PyData NYC 2024

Data Secrets from a Platform Engineer
11-07, 11:40–12:20 (US/Eastern), Central Park West

Beneath the surface of sophisticated services exists a vast realm that is hidden from most data scientists… the Platform. Present in every pipeline, every query, every notebook, it shapes the availability, consistency, and resilience of the systems on which we depend. In this talk, discover how understanding more about “the Platform” can enable data scientists to make choices that improve their chances of getting to production. The path to unlocking your data superpowers awaits. Will you take it?


Though it governs the very fabric of our data-driven universe, most data scientists are blissfully unaware of “the Platform”. Much like "the Matrix" from the 1999 science fiction action film by the Wachowski sisters, a data platform is designed to be invisible to the naked eye. Most data scientists operate at a higher level of abstraction. We’re encouraged to build on top of the Platform, going deep on the algorithms and science, but staying light on the engineering. What if we have that backwards?

In this talk, we’ll learn how a modest understanding of platform engineering can make you a much better data scientist. For instance, learning about consistency will give you more intuition around automated model retraining, and how to retrieve snapshots from prior training cycles. Learning about the benefits of columnar data storage will make you think twice about saving data as CSV. Understanding fault tolerance can help you implement recovery strategies into your machine learning pipelines, such as checkpointing and error handling.
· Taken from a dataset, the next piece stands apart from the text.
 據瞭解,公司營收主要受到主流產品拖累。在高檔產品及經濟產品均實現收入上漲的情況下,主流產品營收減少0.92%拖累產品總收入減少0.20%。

And perhaps most importantly, learning about the platform enables you to build models that integrate seamlessly with existing systems and services, so you’ll be more likely to get your models to production. And trust me, you want to be known as a data scientist who knows how to get models to production.
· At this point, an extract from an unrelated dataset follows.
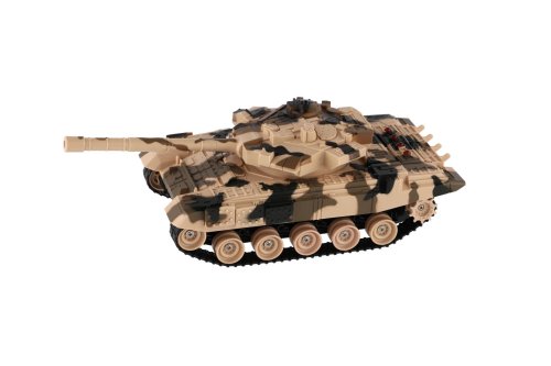 Tank vhodný pre tankovú bitku. Tank vydáva zvuky, strieľa, otočná veža sa otáča o 360 stupňov, svieti. Kto stratí všetky "životy", prehral. Hlaveň vydáva zvuky. Tento tank pracuje na frekvencii 40 MHz. Vyrobené z kvalitného a odolného plastu. Mierka 1:32. Batérie 1x 4.8V AA (tank), 1x 9V (diaľkové ovládanie) sú súčasťou balenia. Vrhni sa do vojnovej bitky! Ovládaj tank a hľadaj svojho nepriateľa! Vzdialenosť diaľkového ovládača do 15 metrov. Vzdialenosť medzi tankami pre tankovú bitku do 4 metrov. Prvá doba nabíjania batérie je 8 hodín. Každé ďalšie nabíjanie bude 3-4 hodiny do plného nabitia batérie. Jeden plne nabitý dobíjací pack vydrží 10-15 minút hry. Pri nákupe druhého tanku, napr. pre tankovú bitku, musí byť druhý tank na inej frekvencii. Tzn. ak máte tank na frekvencii 40 MHz, druhý tank musí byť na frekvencii 27 MHz. Rozmery balenia 37 x 17 x 19 cm. Vhodné pre deti od 8 rokov.

This talk is your portal to the reality beneath the surface of data science. You will learn to perceive and interpret the underlying principles — availability, consistency, concurrency, and failure — that influence your data’s journey, and see how mastering these elements can elevate your analytics. The choice is yours: continue operating within the confines of the known, or delve deeper into the world of platform engineering to truly transform your data science practice?
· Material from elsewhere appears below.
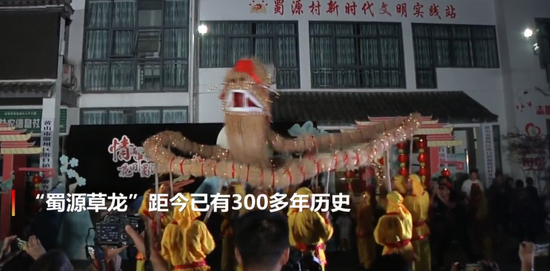 “蜀源草龙”距今已有300多年历史,龙身以稻草为主要材料,辅以毛竹做支架,制作过程中采用编、插、嵌、镂等十多种工艺,成型后的“草龙”由数万根稻草编成,身长达13.6米,在“草龙”舞动时全村家家户户都要迎敬草龙。
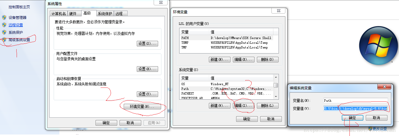右键我的电脑->属性->高级系统设置->高级->环境变量

Come learn the secrets of the "Platform" and unlock your inner data science Neo. 

Outline

  1. Introduction: Why go beneath the surface of data science? (4 min)
  2. Always Bet on Parquet (5 min)
  3. Old Data or Slow Data: Pick Your Poison (7 min)
  4. There is No Batch, or why all data is actually streaming data (5 min)
  5. It's OK to Fail (4 min)
  6. Now what? (5 min)

Prior Knowledge Expected

No previous knowledge expected

Dr. Rebecca Bilbro is an applied AI/ML engineer and one of the pioneers of the data science revolution of the early 2010’s. Co-author of Applied Text Analysis with Python (O'Reilly 2017) and Apache Hudi: The Definitive Guide (O'Reilly 2024), Rebecca has worked across academia, industry, and the public sector. She is co-creator of Yellowbrick, a Python library that integrates the scikit-learn and matplotlib APIs to support more convenient model diagnostics and steering. As co-founder and CTO of Rotational Labs, Rebecca is motivated by a desire to unite the data science and engineering communities. She and her team help other companies leverage in-house domain expertise and data to build and deploy LLMs, data products, and services. Rebecca earned her doctorate from the University of Illinois, Urbana-Champaign, where her research centered on domain-specific languages within engineering.